Re: renaming PerMsgStatus class

Posted by Theo Van Dinter <fe...@kluge.net>.

On Tue, Feb 17, 2004 at 10:15:51PM -0500, Theo Van Dinter wrote:
> I dunno, any thoughts?

Just for kicks, I coded this up.  It turned out not to be too too bad --
only had to add code to 3 routines in MsgContainer to look to see if
the message was parsed yet.  Here's some "make test" output, just to
see some rough time estimates:

Went from ... (r6714)

Files=48, Tests=414, 258 wallclock secs (55.41 cusr +  5.28 csys = 60.69 CPU)
Files=48, Tests=414, 225 wallclock secs (54.78 cusr +  5.25 csys = 60.03 CPU)
Files=48, Tests=414, 229 wallclock secs (55.38 cusr +  5.08 csys = 60.46 CPU)

to ...

Files=48, Tests=414, 220 wallclock secs (55.08 cusr +  4.89 csys = 59.97 CPU)
Files=48, Tests=414, 216 wallclock secs (54.71 cusr +  5.12 csys = 59.83 CPU)
Files=48, Tests=414, 221 wallclock secs (55.39 cusr +  4.70 csys = 60.09 CPU)


So ...  Everything still passes, and we don't really end up with any
change in time.  There were 3 functions that needed to check if the parse
was done already, but I was able to get that down to just 1 function.
I was then able to optimize out (relatively) the penalty involved in the
"do I need to parse" check.

I don't really like "make test" as a speed indicator, but it looks like
the check() part stays the same speed, but code such as "spamassassin -d"
(anything that doesn't end up calling find_parts() actually) will speed up.

I've been going back and forth with whether or not this is a good idea.
So far, it looks like the worst case (doing checks) nets essentially the
same timing, and the best case (removing markup, etc) gets a time benefit.
This puts me in the "lets do it" category at the moment.

-- 
Randomly Generated Tagline:
Wait a minute, Marge.  I saw "Mrs.
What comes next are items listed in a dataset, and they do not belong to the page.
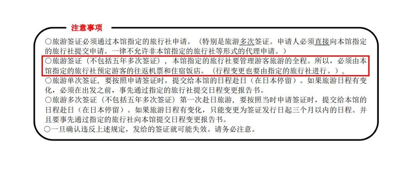 而根据规定,日本的团队旅行、3年多次和单次都必须通过旅行社预定机票+酒店。所以变相造成了无法申请3年多次和单次签证——因为国家没开放日本,旅行社不能帮你定机票和酒店,于是就不能送签。
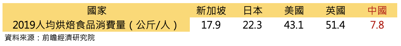 近年來中國烘焙市場成長速度快,根據前瞻產業研究院報吿,中國烘焙市場 2014 年到 2019 年以 7.4% CAGR (年複合成長率)成長,顯示整體烘焙市場具備高成長動能。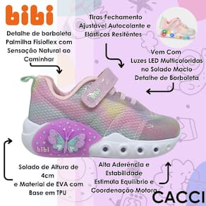 O Tênis Bibi Fun Light foi desenvolvido para transformar cada passo em um momento encantador. Com luzes multicoloridas que acendem ao caminhar, ele traz mais alegria e criatividade para o dia a dia das meninas. Seu design moderno e delicado com detalhe de borboleta torna o visual ainda mais especial. Leve, flexível e confortável, é ideal para acompanhar a rotina ativa infantil com segurança, liberdade de movimentos e ajuste prático.
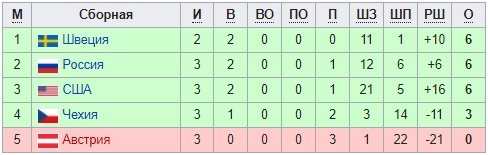 Сегодня сборная России завершит для себя групповой этап молодежного чемпионата мира, а в новогоднюю ночь в группе В состоятся еще поединки Чехия — Австрия и Швеция — США, которые окончательно и расставят всех по местам. В данный момент положение в группе таково.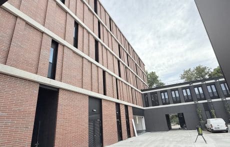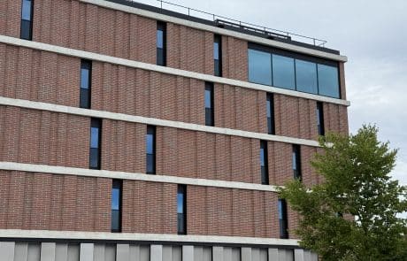 Anschlussfugen Metallfenster an Klinkerfassade und Türanlagen.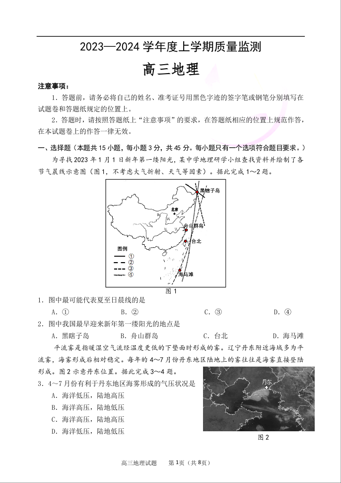 山东省潍坊市五县市2023.10高三年级阶段监测地理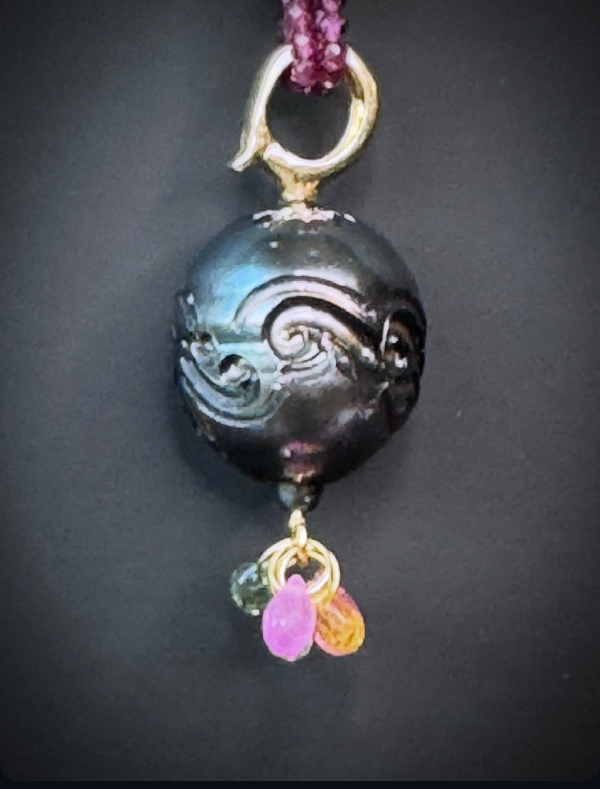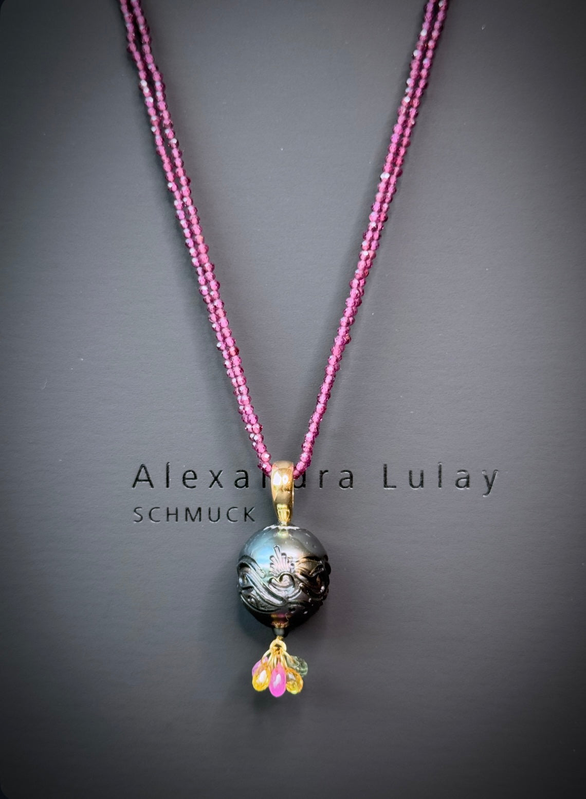 Dieser Halsschmuck ist eines meiner Lieblingsstücke! Die kunstvoll gravierte Tahitiperle mit zartem rosa Überton habe ich mit 6 kleinen facettierten Saphirtröpfchen in verschiedenen Farben kombiniert. Als Kette habe ich eine facettierte, violette Rhodolitkette gewählt, die lang oder mit einem Kettenclip doppelt kurz getragen werden kann. Die Clipöse des Anhängers ermöglicht es Dir, die Perle sowohl in die kurze, als auch in die lange Kettenvariante einzuhängen.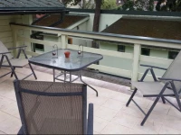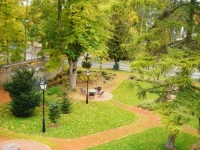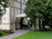 Отель имеет удобную, полностью закрытую территорию, на которой располагается стоянка для машин гостей и прекрасная зелёная зона с вековыми туями и соснами. А также к услугам гостей предлагаются кафе-бар с летней террасой, конференц-зал.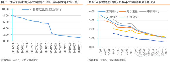 不过,08年金融危机对银行资产质量影响不显著。09年商业银行不良贷款率从年初的2.40%下降至年末的1.58%,大降82BP;主要上市银行09年不良贷款率均明显下降。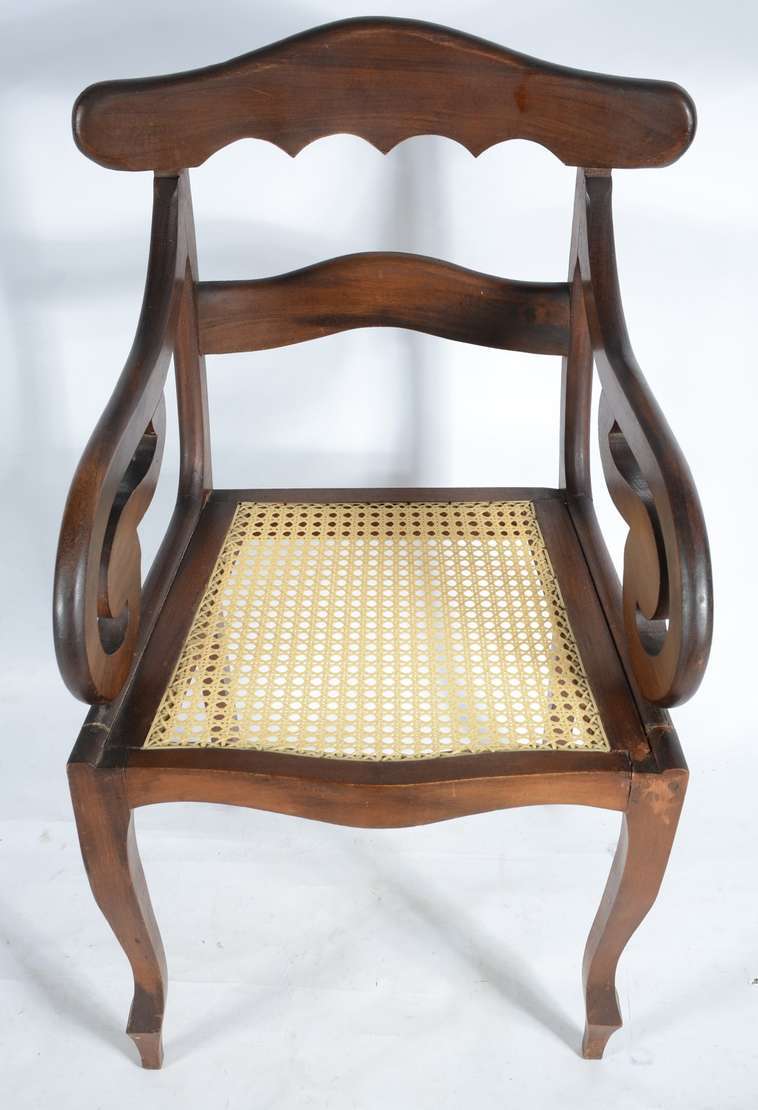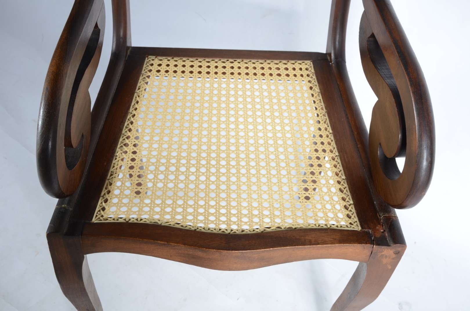 Par de elegantes cadeiras com braços de madeira nobre, estilo Luis XV, estofamento recém feito forrado com tecido beg...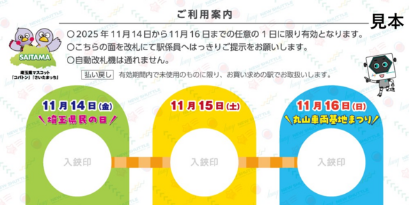 ニューシャトルでは、埼玉県民の日を記念して11月14日(金)から11月16日(日)までの3日間のうち1日限り有効の「埼玉県民の日記念ニューシャトル1日フリー乗車券」を発売いたします。
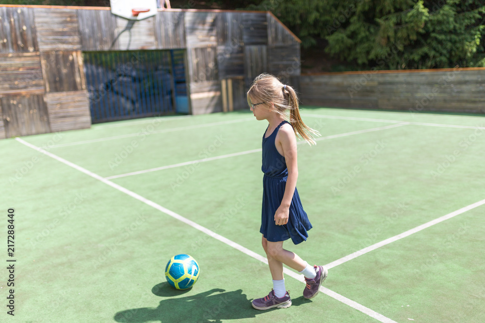 Ein 7 jähriges Mädchen trainiert mit einem Fußball auf einem Bolzplatz mit grünem Spielfeld

Doubtfire."  This is a man in drag!
 
 		-- Homer Simpson
 		   Simpsoncalifragilisticexpiala(annoyed grunt)ocious

Re: renaming PerMsgStatus class

Posted by Theo Van Dinter <fe...@kluge.net>.

On Tue, Feb 17, 2004 at 02:37:44PM -0800, Justin Mason wrote:
> Yeah, +1 to this IMO.

Change went in -- r6713.  It's now M::SA->parse(), taking the same
parameters as the M::SA::MsgParser version.
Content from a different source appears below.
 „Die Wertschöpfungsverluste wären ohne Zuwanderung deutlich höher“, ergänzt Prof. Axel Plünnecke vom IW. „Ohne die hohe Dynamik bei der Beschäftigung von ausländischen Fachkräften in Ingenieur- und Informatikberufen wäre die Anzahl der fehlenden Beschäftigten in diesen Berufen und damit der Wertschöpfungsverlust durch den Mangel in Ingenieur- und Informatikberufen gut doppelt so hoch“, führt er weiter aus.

Another thing JM and I were talking about is to not have parse()
automatically go through the MIME parts.  Basically the first call
generates a basic MsgContainer object, then calls which need the parsed
version cause the MIME parts to get parsed.
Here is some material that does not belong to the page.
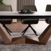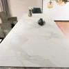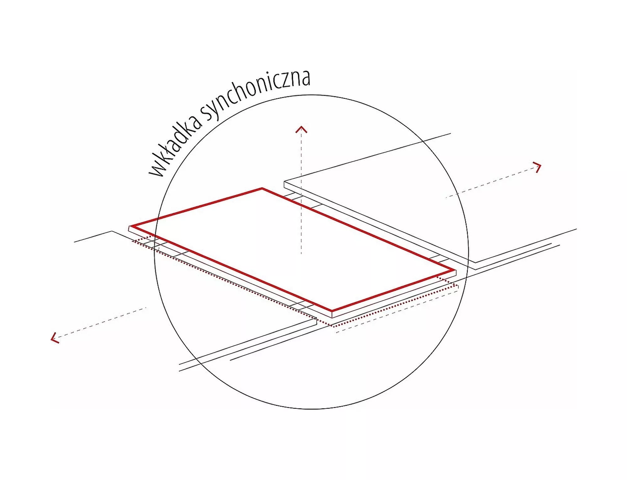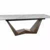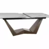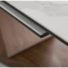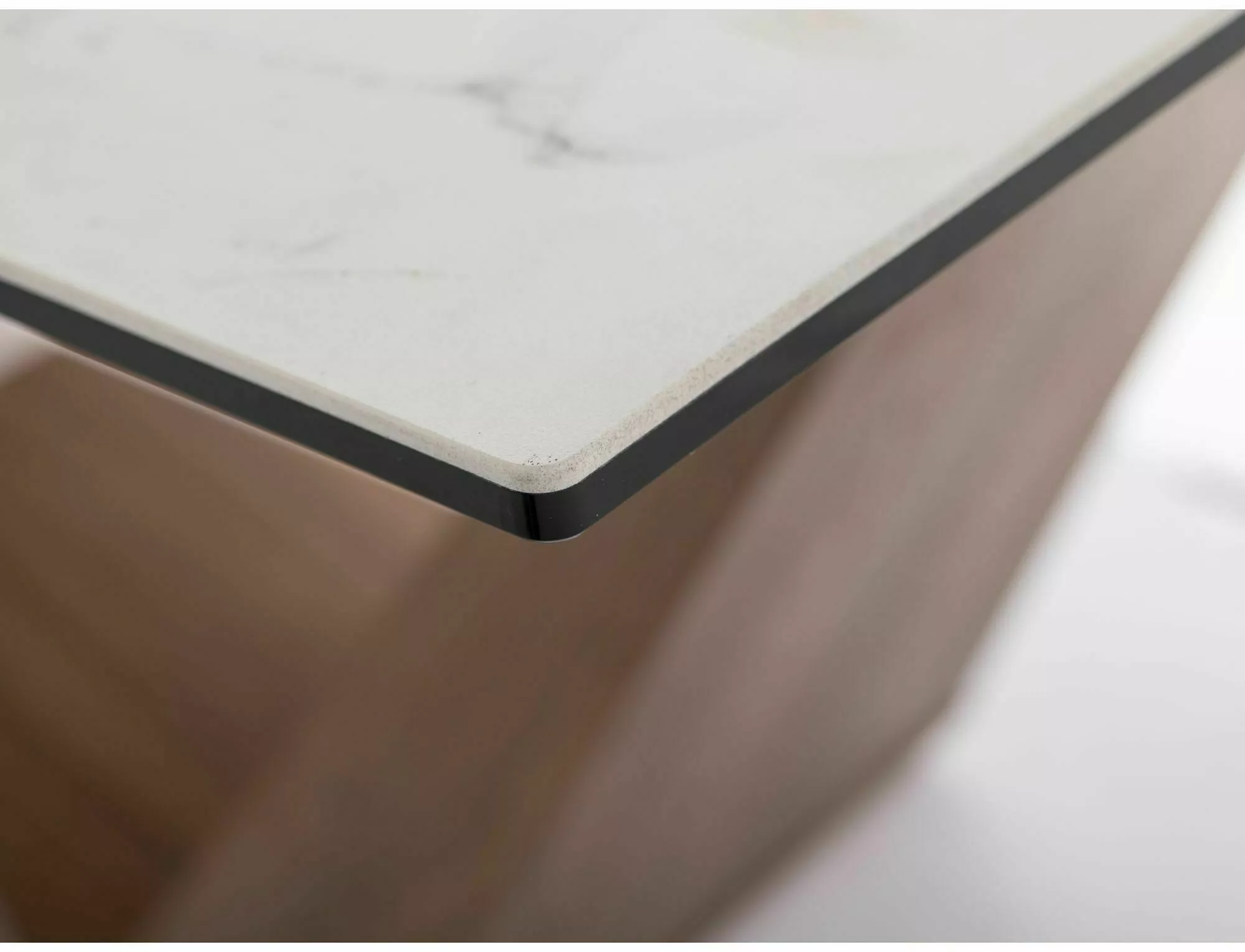 Stół rozkładany, blat: szkło hartowane + ceramika STATUARIO VENATO, stelaż: metal, kolor: biały mat / orzech.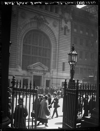 Broadway Series. East side of street looking north. National Park Bank at right, and then a part of the St. Paul Building (on corner of Ann Street). Post office at left.

Part of me thinks this is a good idea, and part of me doesn't.  The part
of me that does thinks that this would save CPU time at creation since
if the code isn't going to use the parsed bits ('spamassassin -d'
for example), then there's no point in going through the whole MIME
parsing code.

The other part of me thinks that it'll end up causing a lot of calls to
"do_I_need_to_parse()" when the majority of the time SA will be running
in check mode, which will need the parsed version, thereby eliminating
the speed increase we think we're getting.  The whole "optimize for the
common case" thing.

In the greater scheme of things, the parsing doesn't take very long.
It was the decoding/rendering that took the CPU time, but that happens
"on-the-fly" now when the decoded/rendered part is requested, so we're
pretty much just looping through an array now and generating an object
tree.  The time to do that is pretty small in relation to everything
else that's going on.

I was also thinking of making an option to parse that says whether to
do the MIME part parse now or later.  By default it'll happen "now",
but if set to later, the caller could call parse_now() or something
which would set things up ...

I dunno, any thoughts?

-- 
Randomly Generated Tagline:
"Oh, well; I'll work next week."         - Peter Sagerson

Re: renaming PerMsgStatus class

Posted by Theo Van Dinter <fe...@kluge.net>.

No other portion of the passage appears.